About Elsewhere Director: PRIYA SEN India, 2007, 29 minutes
Cashback Director: SEAN ELLIS UK, 2004,18 minutes
Sea in the Blood Director: RICHARD FUNG Canada, 2000, 26 minutes
April 19, 6.30pm
Our Family Dir: ANJALI MONTEIRO and K P JAYSANKAR India, 2007, 56 minutes
The filmmakers will be present for the screening.
Synopses:
Kaun mille dekho kissko (the merry gay round of luv) This is a short film made from clips of the mainstream Bollywood hit film Kal Ho Na Ho. The film subverts the narrative of the heterosexual triangle to tell the story of queer love and desire, and explores the accidental slippages in popular cinema that allow for the narrative of a gay love story between two male characters.
About Elsewhere About Elsewhere is a film that seeks to foreground the impossibility of fixing notions of sexuality through ideas of "identity" and "language". As the film moves through various worlds the filmmaker has inhabited, it suggests a self in constant formation; one that constructs itself from parts and places that are in themselves, fragments of memory and experience. The film uses the metaphor of a "shell" as a place of repose and withdrawal from which it is possible to emerge. Uniquely, and with all the flair and multiplicity that accompanies a way of being.
Cashback Ben Willis is an art student who works the night shift several times a week at the Whitechapel Sainsbury's. He's clear about the arrangement: he trades his time for money - cashback, as he calls it. We meet his co-workers, Sharon, Barry, and Matt, and their supervisor, Jenkins. Ben's colleagues are good at wasting time, but Ben talks to us about how he makes his shift go faster: by imagining that time has stopped. We see this late-night world of drudgery through Ben's eyes, as time does indeed stop, and he can get out his sketch book.
Sea in the Blood A personal documentary about living with illness, tracing the relationship of the artist to thalassemia in his sister, Nan, and AIDS in his partner, Tim. The narrative of love and loss is set against a background of colonialism in the Caribbean and the reverberations of migration and political change.
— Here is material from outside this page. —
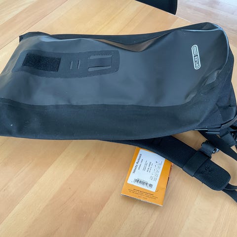 Den klassiske Velocity 23 fra Ortlieb i sort og gul. Det er en vandtæt rygsæk med et rumfang på 23 liter og en størrelse på 50x30x16 cm. Vægten er 880 gram.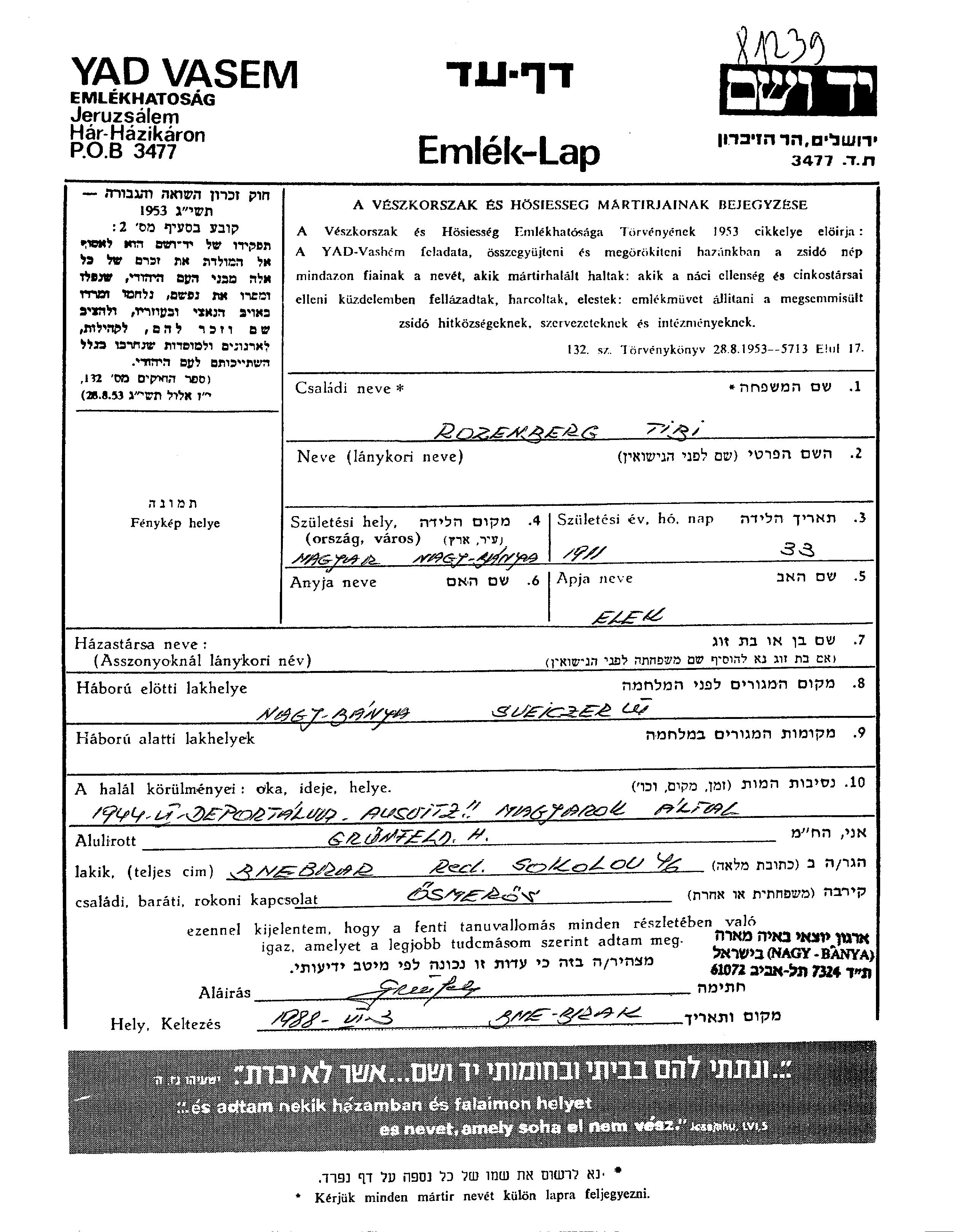 Rosenberg Tibi 1911 Nagybánya, Roumanie Feuille de témoignage

Our Family What does it mean to cross that line which sharply divides us on the basis of gender? To free oneself of the socially constructed onus of being male? Is there life beyond a hetero-normative family?
Set in Tamilnadu, India, 'Our Family' brings together excerpts from Nirvanam, a one-person performance, by Pritham K. Chakravarthy and a family of three generations of trans-gendered female subjects. Aasha, Seetha and Dhana, who are bound together by ties of adoption, belong to the community called Aravanis (aka Hijras, in some parts of India). Aasha Bharathi, the grandmother, is the president of the Tamilnadu Aravanigal Association, Chennai. Seetha, the daughter lives with her male partner Selvam, in Coimbatore. Dhana, Seetha's adopted daughter also lives with her and shuttles between her adopted and her natal families.
The film juxtaposes the 'normality' of their existence with the dark and powerful narrative by Pritham- 'Nirvanam'; Nirvanam (Liberation) refers to the act of liberating oneself from the male body and transforming oneself to a female. This narrative bears witness to the tumultuous journey towards a reinvented selfhood, a journey fraught with violence, exploitation, affection and courage. The pains, pleasures and dilemmas of becoming the 'other' is the motif of the film. Weaving together performance, life histories and everyday life, it problematises the divides between 'us' and 'them'.